What is expected =
Write out again the lines from the line with "световна интернет търсачка" up to and including the line with "бесценная находка для", exactly as they stand below, and skip any picture.

Information provided =

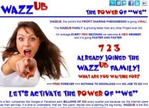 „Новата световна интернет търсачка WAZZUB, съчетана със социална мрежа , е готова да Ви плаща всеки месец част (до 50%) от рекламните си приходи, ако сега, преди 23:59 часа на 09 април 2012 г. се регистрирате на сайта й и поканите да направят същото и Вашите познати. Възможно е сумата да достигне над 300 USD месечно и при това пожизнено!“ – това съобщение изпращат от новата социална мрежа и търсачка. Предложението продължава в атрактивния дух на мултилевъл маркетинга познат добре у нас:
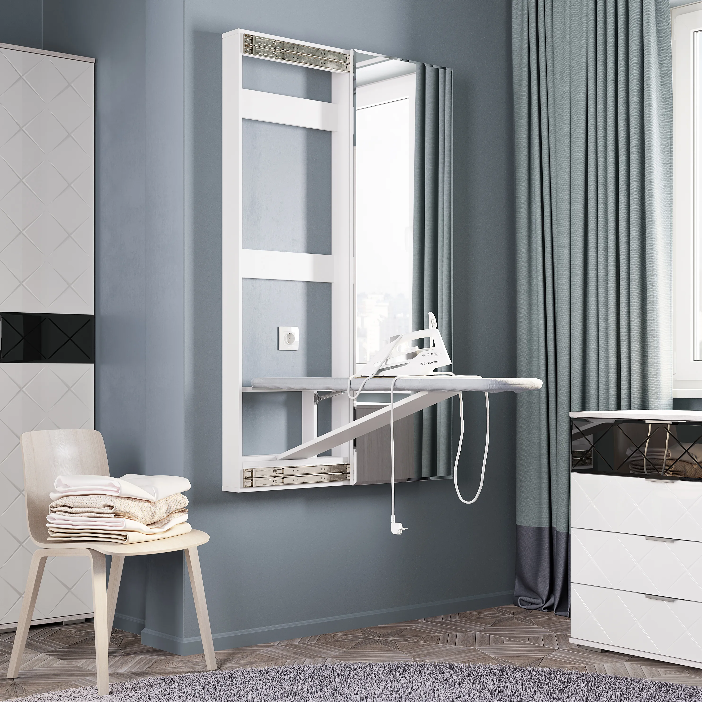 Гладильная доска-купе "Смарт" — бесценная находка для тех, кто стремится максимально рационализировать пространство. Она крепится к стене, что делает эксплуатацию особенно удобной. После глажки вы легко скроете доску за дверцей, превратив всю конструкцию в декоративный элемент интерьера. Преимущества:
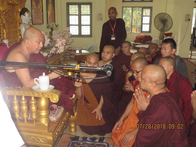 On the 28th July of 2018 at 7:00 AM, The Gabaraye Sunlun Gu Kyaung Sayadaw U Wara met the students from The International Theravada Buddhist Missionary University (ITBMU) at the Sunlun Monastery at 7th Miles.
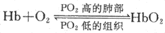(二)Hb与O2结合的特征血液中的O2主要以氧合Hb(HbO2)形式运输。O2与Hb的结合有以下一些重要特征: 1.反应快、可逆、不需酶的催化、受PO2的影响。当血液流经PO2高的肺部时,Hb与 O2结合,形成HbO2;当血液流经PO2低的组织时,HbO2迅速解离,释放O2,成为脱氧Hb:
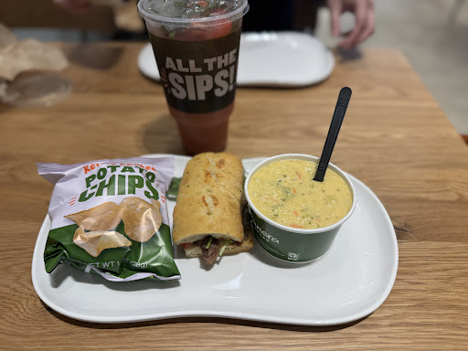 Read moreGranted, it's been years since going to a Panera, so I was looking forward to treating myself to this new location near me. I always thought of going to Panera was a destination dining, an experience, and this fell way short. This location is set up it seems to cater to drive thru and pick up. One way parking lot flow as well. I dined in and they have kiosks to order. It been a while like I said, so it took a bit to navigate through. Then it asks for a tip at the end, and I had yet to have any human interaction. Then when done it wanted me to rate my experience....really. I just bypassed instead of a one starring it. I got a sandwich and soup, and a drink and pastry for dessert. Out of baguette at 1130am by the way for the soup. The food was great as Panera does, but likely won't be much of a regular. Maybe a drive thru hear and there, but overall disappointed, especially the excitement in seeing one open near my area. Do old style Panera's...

---

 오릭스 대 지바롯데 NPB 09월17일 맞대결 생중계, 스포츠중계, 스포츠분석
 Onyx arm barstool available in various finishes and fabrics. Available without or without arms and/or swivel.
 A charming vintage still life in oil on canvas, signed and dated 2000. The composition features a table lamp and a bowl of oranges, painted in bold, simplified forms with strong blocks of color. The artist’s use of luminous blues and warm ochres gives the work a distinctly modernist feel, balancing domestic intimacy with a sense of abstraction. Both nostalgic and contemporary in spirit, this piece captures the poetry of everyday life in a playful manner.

* * *

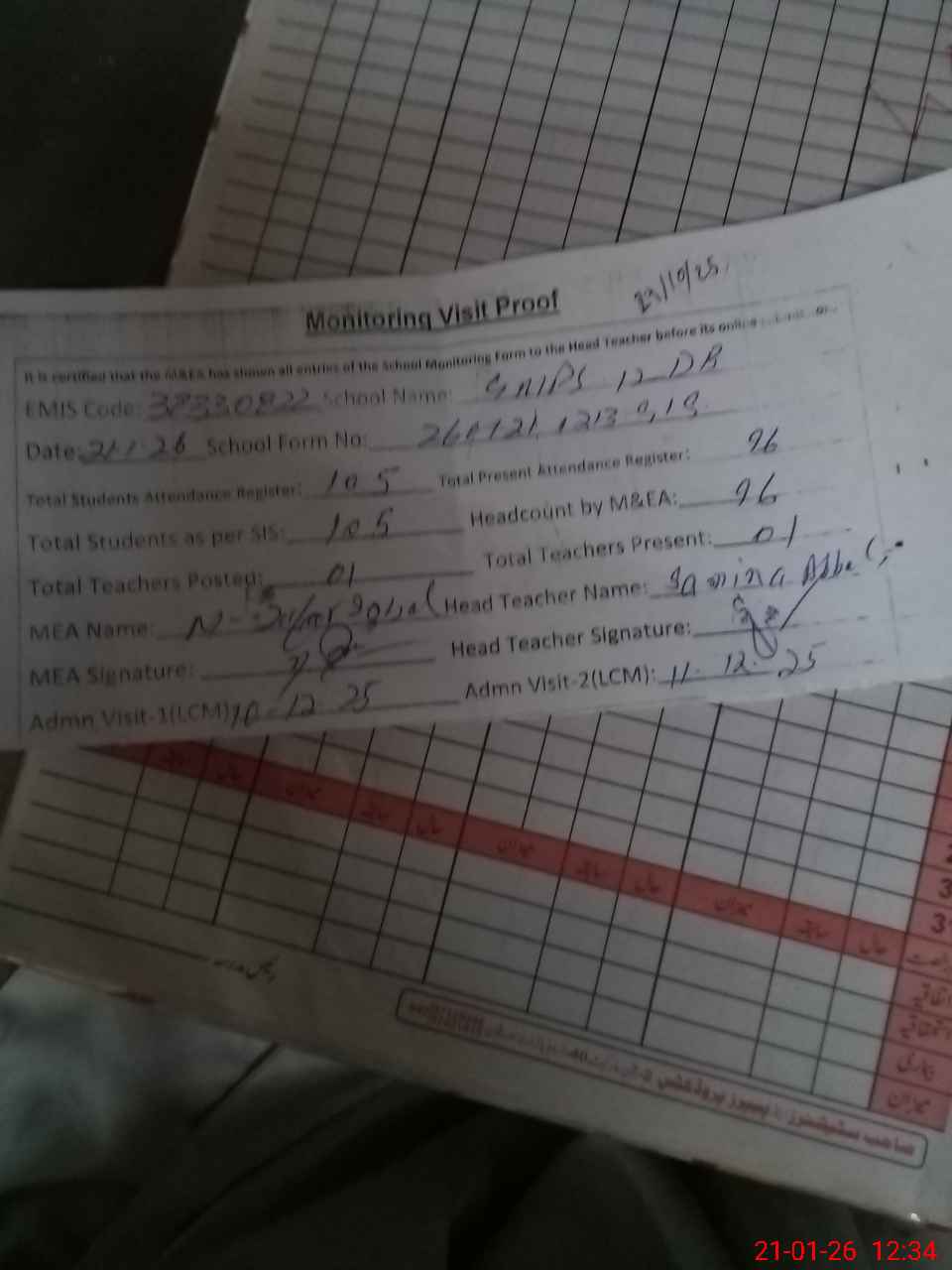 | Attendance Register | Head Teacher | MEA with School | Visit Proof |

Solution to this exercise =
 „Новата световна интернет търсачка WAZZUB, съчетана със социална мрежа , е готова да Ви плаща всеки месец част (до 50%) от рекламните си приходи, ако сега, преди 23:59 часа на 09 април 2012 г. се регистрирате на сайта й и поканите да направят същото и Вашите познати. Възможно е сумата да достигне над 300 USD месечно и при това пожизнено!“ – това съобщение изпращат от новата социална мрежа и търсачка. Предложението продължава в атрактивния дух на мултилевъл маркетинга познат добре у нас:
 Гладильная доска-купе "Смарт" — бесценная находка для тех, кто стремится максимально рационализировать пространство. Она крепится к стене, что делает эксплуатацию особенно удобной. После глажки вы легко скроете доску за дверцей, превратив всю конструкцию в декоративный элемент интерьера. Преимущества:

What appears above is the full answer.